Section 5.3.3 of the draft Technical Report on C++ Performance is entirely devoted to the overhead of virtual functions.

Xavier Nodet
+1  A: 

The cost is more or less the same than normal functions nowadays for recent CPUS, but they can't be inlined. If you call the function millions times, the impact can be significant (try calling millions of times the same function, for example, once with inline once without, and you will see it can be twice slower if the function itself does something simple; this is not a theoritical case: it is quite common for a lot of numerical computation).

David Cournapeau
+3  A: 

I'm reinforcing all answers that say in effect:

  • If you don't actually know it's a problem, any concern about fixing it is probably misplaced.

What you want to know is:

  • What fraction of execution time (when it's actually running) is spent in the process of invoking methods, and in particular, which methods are the most costly (by this measure).

Some profilers can give you this information indirectly. They need to summarize at the statement level, but exclusive of the time spent in the method itself.

My favorite technique is to just pause it a number of times under a debugger.

If the time spent in the process of virtual function invocations is significant, like say 20%, then on the average 1 out of 5 samples will show, at the bottom of the call stack, in the disassembly window, the instructions for following the virtual function pointer.

If you don't actually see that, it is not a problem.

In the process, you will probably see other things higher up the call stack, that actually are not needed and could save you a lot of time.

Mike Dunlavey
+3  A: 

Virtual functions tend to be a lookup and indirection function call. On some platforms, this is fast. On others, e.g., one popular PPC architecture used in consoles, this isn't so fast.
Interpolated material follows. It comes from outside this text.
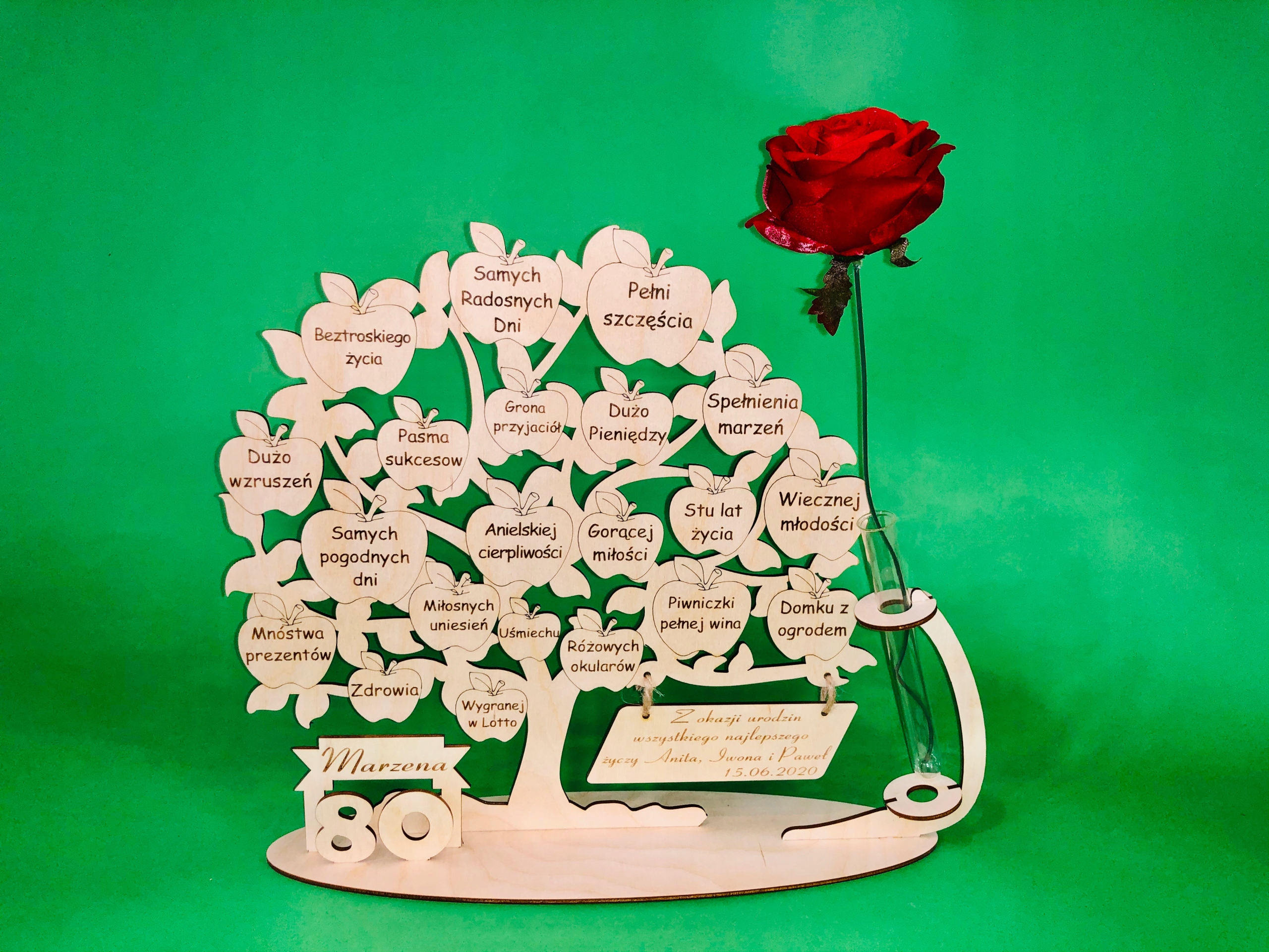 70-річчя, 80-річчя, дерево з гравіюванням

Optimizations usually revolve around expressing variability higher up in the callstack so that you don't need to invoke a virtual function multiple times within hotspots.

MSN
+2  A: 

As already stated by the other answers, the actual overhead of a virtual function call is fairly small. It may make a difference in a tight loop where it is called millions of times per second, but it's rarely a big deal.

However, it may still have a bigger impact in that it's harder for the compiler to optimize. It can't inline the function call, because it doesn't know at compile-time which function will be called. That also makes some global optimizations harder. And how much performance does this cost you? It depends. It is usually nothing to worry about, but there are cases where it may mean a significant performance hit.

And of course it also depends on the CPU architecture. On some, it can become quite expensive.

But it's worth keeping in mind that any kind of runtime polymorphism carries more or less the same overhead. Implementing the same functionality via switch statements or similar, to select between a number of possible functions may not be cheaper.

The only reliable way to optimize this would be if you could move some of the work to compile-time. If it is possible to implement part of it as static polymorphism, some speedup may be possible.

But first, make sure you have a problem. Is the code actually too slow to be acceptable? Second, find out what makes it slow through a profiler. And third, fix it.

jalf
I would only add that optimization is way over-rated. It only matters in code where 1) the PC spends significant time (which it probably won't if it contains calls), and 2) you actually compile (i.e. not library routines).
Mike Dunlavey
+1  A: 

With modern, ahead-looking, multiple-dispatching CPUs the overhead for a virtual function might well be zero. Nada. Zip.

Jimmy J
It would be great if you could give a detailed example.
Amit Kumar
+1  A: 

Static polymorphism, as some users answered here. For example, WTL uses this method. A clear explanation of the WTL implementation can be found at http://www.codeproject.com/KB/wtl/wtl4mfc1.aspx#atltemplates

Hernán